BLOOD MACHINES (2019)

Un space opéra lyrique et surréaliste réalisé par deux artistes passionnés compensant leur budget très modeste par une inventivité en effervescence

BLOOD MACHINES

 

2019 – FRANCE

 

Réalisé par Seth Ickerman

 

Avec Elisa Lasowski, Anders Heinrichsen, Christian Erickson, Natasha Cashman, Walter Dickerson, Joëlle Berckmans, Alexandra Flandrin

 

THEMA SPACE OPERA ROBOTS ET INTELLIGENCE ARTIFICIELLE

Derrière le pseudonyme énigmatique Seth Ickerman se cachent deux réalisateurs français au talent fou et à l’audace insolente, Raphaël Hernandez et Savitri Joly-Gonfard, bravant leur manque de moyens et la défiance compréhensible de la plupart des producteurs et distributeurs de l’industrie cinématographique « classique » par un enthousiasme communicatif, une opiniâtreté inébranlable et un savoir-faire impressionnant. En 2011, ils nous avaient subjugués avec Kaydara, un moyen-métrage de science-fiction qui semblait coûter mille fois plus que son budget réel et n’avait finalement qu’un défaut majeur : construire son intrigue en marge de la franchise Matrix au lieu de s’épanouir dans un univers original propre à ses auteurs. C’est le lot de tous les fan-films, si réussis soient-ils, fixant leurs limites narratives et empêchant la moindre exploitation commerciale de l’œuvre. Mais Kaydara joua son rôle de bande-démo et permit aux duettistes d’adapter leur expertise technique aux besoins de nombreuses compagnies prestigieuses (LG, Ubi Soft, Samsung) jusqu’à la réalisation du clip Turbo Killer pour l’artiste Carpenter Brut (alias Franck Hueso) dont l’influence majeure – comme son pseudonyme l’indique en partie – est la musique synthétique des années 80. L’expérience fut un succès et posa les jalons de leur projet suivant : le film Blood Machines.

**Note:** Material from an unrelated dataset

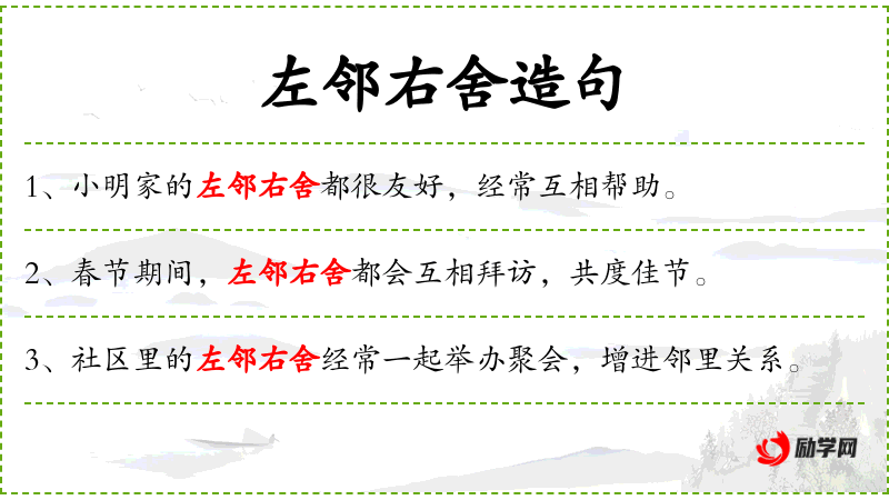句子:“小明家的左邻右舍都很友好,经常互相帮助。”
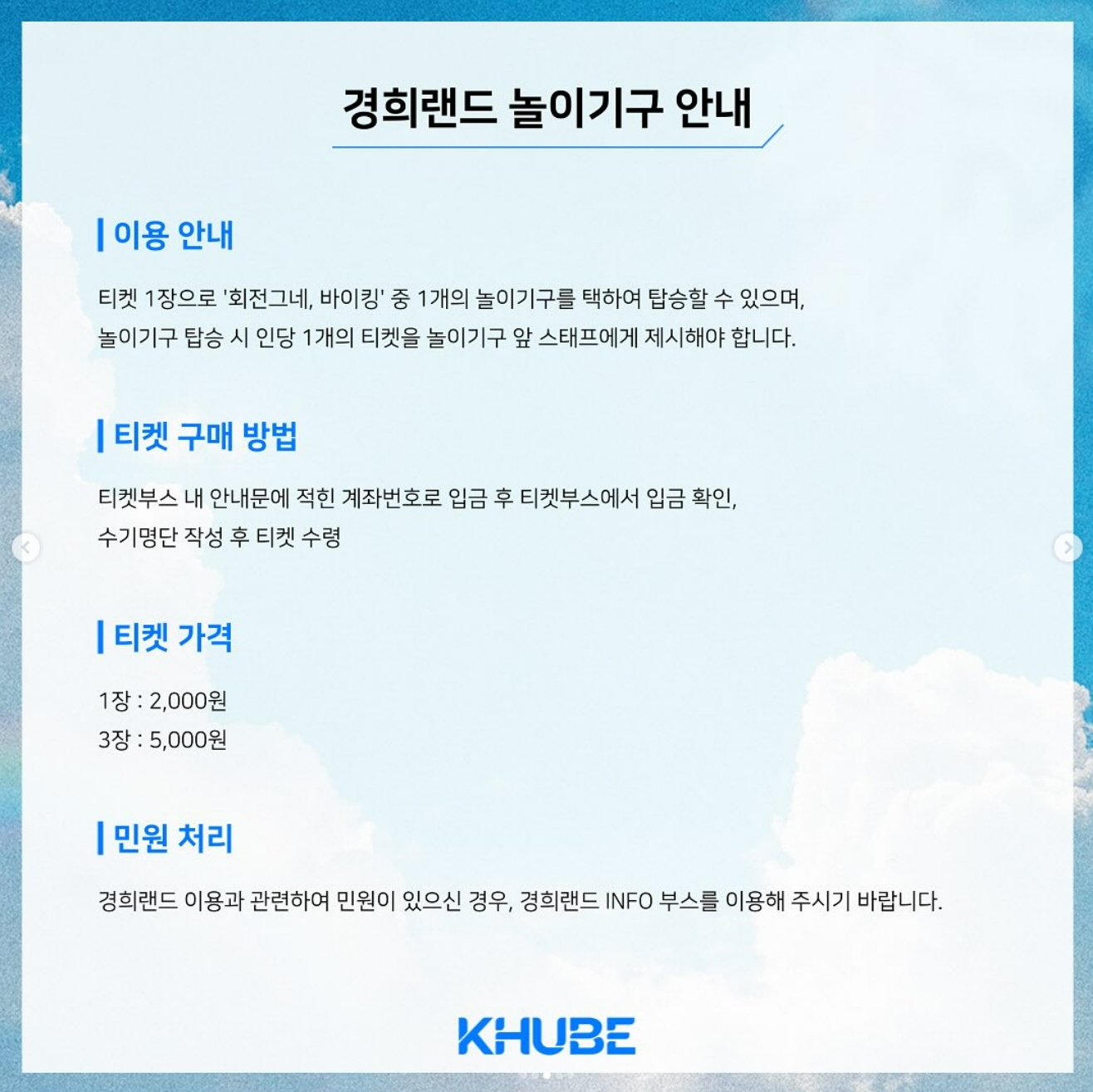 ‘회전그네, 바이킹‘ 중 1개의 놀이기구를 티켓 1장으로  택하여 탑승할 수 있으며, 놀이기구 탑승 시 인당 1개의 티켓을 놀이기구 앞 스태프에게 제시

S’il présente de nombreuses similitudes avec le clip Turbo Killer, Blood Machines n’en est pas vraiment une séquelle mais plutôt une variante, quittant la terre ferme pour s’envoler dans l’espace. Vascan (Anders Heinrichsen) et Lago (Christian Erickson) sont deux pilotes chargés de traquer une machine qui semble vouloir s’émanciper. Ils parviennent à l’abattre et rejoignent la planète sur laquelle elle s’est écrasée. Là, ils reçoivent l’accueil glacial de la mystérieuse Corey (Elisa Lasowski) et de son groupe de prêtresses, dont la mission semble être de préserver l’âme des machines. Vascan répond à cette attitude par un mépris amusé, jusqu’à assister à un phénomène totalement inattendu : la forme spectrale d’une jeune femme nue comme un premier né s’extrait de la carcasse métallique de l’épave abattue et prend son envol. Abasourdi, Vascan fait de Corey sa prisonnière et décolle aussi sec pour partir à la poursuite de la forme féminine à travers le cosmos, dans l’espoir de comprendre la nature de ce phénomène… L’odyssée spatiale qui commence transcende dès lors la narration traditionnelle pour se vivre comme un « trip », un voyage sensoriel inédit rythmé sur les compositions électroniques de Carpenter Brut.

Le fantôme dans la machine

Dès ses premières secondes, Blood Machines annonce la couleur : le spectacle qui nous attend échappe aux normes et aux codes habituels de la science-fiction. Les vaisseaux spatiaux ressemblent à des oiseaux mécaniques capables de se déployer ou de se rétracter à loisir, les ordinateurs de bord ne se contentent pas d’adopter une voix féminine mais en possèdent également les attributs physiques (en l’occurrence une relecture psychédélique du robot Maria de Metropolis) et le postulat dépasse le questionnement habituel de l’intelligence artificielle pour s’intéresser à l’âme artificielle. Bien plus qu’un prétexte scénaristique, ce point de vue décrit la démarche du film tout entier, sollicitant moins l’intellect des spectateurs que ses émotions. Car si la trame reste intelligible – une course poursuite cosmique visant à ramener l’étrange « objet » échappé de la machine – elle s’efface progressivement derrière une succession de tableaux surréalistes vertigineux fusionnant l’organique et le mécanique jusqu’à positionner la Femme avec un grand F au centre de l’univers. Cette expérience fascinante mérite bien sûr d’être vécue sur un grand écran et laisse rêveur sur le potentiel de ces deux intrépides réalisateurs qu’aucun challenge technique ou artistique ne semble impressionner.